The primary art market refers to the sale of artworks directly from the artist or their representing gallery to the first buyer, while the secondary art market refers to the sale of previously owned artworks. Galleries primarily function through the primary market, auction houses primarily operate from the secondary market and art dealers and art fairs can operate in both, depending on the circumstances.
Find out more about the Art Market in our Concise History.
Initially, art fairs were utilised by art dealers as a means of competing with auction houses. However, over time, they have evolved from a specialised and exclusive practice to an event that is accessible to anyone. In commercial contexts, art fairs are accompanied by significant expenses, such as insurance, logistics management, and travel and accommodation costs. Although dealers invest a substantial amount of money in fairs, they are typically able to recoup some of these expenses through sales. With the appropriate connections, galleries can achieve greater visibility and improved prospects, thereby enhancing their position in the market.
Find out more about Art Fairs in our History of Art Basel.
The value of art in the market is often indicated by publicly shared numbers. Although there is a significant global demand for Western art, some individuals involved in the market seek art as an alternative asset class to invest in - rather than having a passionate interest in the art itself. Traditionally, auctions were utilised by art dealers to acquire art at a favourable price for resale to customers at a markup. High auction prices typically serve as an indicator of current trends in the market. Auction houses may offer a guarantee to sellers, regardless of whether the piece ultimately sells or not, for a predetermined amount. They may then sell this guarantee to a third-party company, which assumes the risk of providing the guarantee to the auction house. If the artwork sells above the estimated value, the auction house receives a kickback to cover the cost of the guarantee. The most prominent auction houses - Sotheby's, Christie's, Bonhams and Phillips among their ranks - in the industry are characterised by a dynamic in which both the buyer and the seller can benefit, but once an artist's work is released, they are no longer able to profit directly from its sale.
One of the greatest risks associated with auction house sales - in the case of an un-guaranteed sale - is the failure to sell. Many auction houses will typically incur an unsold fee if the work doesn't sell on the night, meaning that sellers enter the sale with a lot less certainty. Failure to sell an artwork can also damage the reputation of an artwork significantly, typically referred to as being ‘burned’. These ‘burned’ artworks then become much more difficult to sell again, and might result in the work being taken off the market completely.
You can purchase art either directly from an artist's studio or their representative gallery (the primary market) or through resales in the secondary market. This approach can help artists weather shifting trends by ensuring that their work is not only sold at a fair price, but also that the collector values it enough to keep it. When galleries lose control over the market, prices may plummet and the value of the artwork may suffer.
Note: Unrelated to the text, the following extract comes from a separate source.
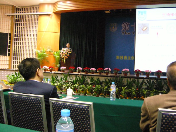 欧阳平凯院士作了《现代生物催化与生物转化的现状与思考》的大会特邀报告,就现代生物催化和生物转化技术在能源、材料和精细化学品领域的应用及将来的发展方向方面向与会专家学者进行了介绍,提出了应针对我国的实际国情发展生物催化和生物转化,以解决我国当前面临的资源、能源和环境问题。

This issue is less of a concern for online platforms, which do not have the same overhead costs as galleries. More galleries are participating in art sales and observing collectors buying artwork for large sums of money. However, this approach may not be viable for galleries that are unable to maintain a strong online presence.
The art market operates on several factors such as investment potential, provenance, and portfolio diversification. However, at the core of it all, the determining factor is supply and demand.
The demand for art is typically influenced by its rarity, uniqueness, or limited amount. The artist’s reputation, cultural significance of the art, or market trends dictate a lot of acquisition choices. When an artist is in high demand, the prices will rise as collectors continue to buy; once the wave of excitement has quieted down, you can expect the price of the artist’s work to fall or correct, which makes for continuous market fluctuations. While demand is influenced by a number of outside factors like personal taste, economic stability, and advances in technology, it’s scarcity and desire that continue to drive the pricing dynamics in the art market.
While the art market is undeniably opaque, online platforms like MyArtBroker are working towards a more accessible and transparent future. Our Trading Floor posts live supply and demand indication across a plethora of blue chip artist markets - in real-time. You can filter by artist and artwork title, and see where opportunity lies in the market at any given time. It has never been easier to view supply and demand in the art market, which should assist collectors and investors when making decisions about their art collection.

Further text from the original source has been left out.